State tests can help schools, kids do better


There has been a lot of discussion — and some confusion — about the Washington Assessment of Student Learning and its role in our state’s school improvement effort. It is not surprising that the WASL, with its scores that were publicly reported this fall, has provoked intense focus — and sometimes anxiety. But if the WASL is used as it was intended, to help improve instruction and student learning, it can be a very powerful tool for schools.

The WASL helps schools, parents and community members measure how well their students are doing in meeting the state’s new academic standards. These standards were largely created by Washington educators and represent what we want our kids to know and be able to do by the time they graduate. A set of assessments in fourth, seventh and 10th grades show us how successful we have been in achieving these goals, as well as showing areas where we need to target additional time and resources.

To help schools’ identify key strategies for improvement, Partnership for Learning — a non-profit coalition of businesses — commissioned a research report that looked into how some schools have made significant gains on the WASL despite what are often deemed challenging demographics. Hillcrest Elementary School in the Lake Stevens School District was one of the schools featured in this research report, "Making Standards Work."

Our school has an unusually large economically disadvantaged population, with half of the students eligible for free or reduced lunches. But despite the challenges this implies, we’ve been able to raise scores significantly over the past three years — 21 percentage points in reading, 23 points in math and 31 points in writing between 1998 and 2000. While there have been dips in individual subjects between some years, we’ve been able to use the scores to identify the challenges facing specific groups of students and target our resources to overcoming those challenges.

Key to our success is how we have reacted to the information that we get from the WASL. We choose not to treat it as a judgment but as helpful information a school community can use to make important improvements in teaching and learning. When we get the data back, we sit down as a staff and look at our strengths and weaknesses. We use the information to figure out where we need to go from here and what we need to do to help make improvements in student learning.

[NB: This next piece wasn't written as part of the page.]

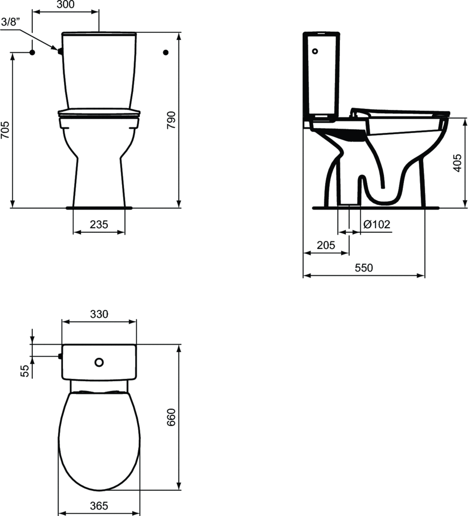 Kompakt WC Eurovit+ ścisle mocowany stojący. Lejowy, z poziomym odpływem pojemność: 4,5/3 l, dwufunkcyjny zbiornik. W komplecie z deską sedesową z duroplastu oraz zestawem montażowym do miski WC.

For example, I had a teacher come to me because her students were not making the progress in math that she had hoped. She wanted to talk about how she could help her students meet higher levels of achievement. We sat down and created a plan for improvement. That’s the kind of proactive thinking that the WASL encourages.

This type of analysis has also led to specific changes in our teaching methods. For example, in writing, we have begun to regularly take students through the whole process of writing a piece from brainstorming to publishing. We have worked with students on what steps to go through to solve math problems, so that they can better explain how they arrived at their answer. And in reading, we recognized from our initial scores that students were having problems with non-fiction comprehension, so we created a strategy for developing our students’ skills in this area.

In addition, we worked diligently across grade levels — involving all of the staff. There is no way you can pack all the learning needed to do well on the WASL into one grade. All the grades have their jobs to do: kindergarten through fifth grade. And all of the teachers know and understand what role they play in this larger effort.

The WASL is an important measure, but we look at a variety of factors before deciding if we’re meeting with success. Looking at specific groups of students —their mobility, demographics, absenteeism and other characteristics — tells us a lot about our school, students and families. But in the end, we all must be accountable for student learning. And the WASL is key to this accountability.

At Hillcrest, we’ve seen how the WASL and the state standards can be used to improve student learning. We’ve taken on the challenge and received community support in return. There’s a long way to go. But as long as we believe that student learning can continuously improve and we use the WASL as it was intended, our children will continue to benefit.